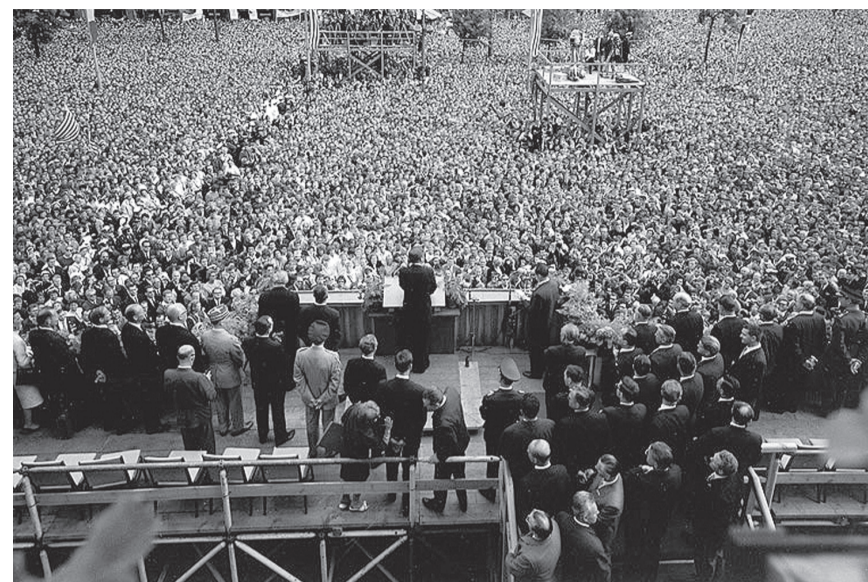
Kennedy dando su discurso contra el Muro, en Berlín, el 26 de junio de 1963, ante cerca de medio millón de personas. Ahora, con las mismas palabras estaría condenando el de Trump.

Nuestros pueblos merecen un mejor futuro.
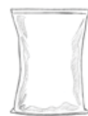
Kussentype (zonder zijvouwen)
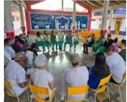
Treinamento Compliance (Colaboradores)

__What the task asks__:
Return the complete material exactly as given, excluding images.

__Output__:
Kennedy dando su discurso contra el Muro, en Berlín, el 26 de junio de 1963, ante cerca de medio millón de personas. Ahora, con las mismas palabras estaría condenando el de Trump.

Nuestros pueblos merecen un mejor futuro.
Kussentype (zonder zijvouwen)
Treinamento Compliance (Colaboradores)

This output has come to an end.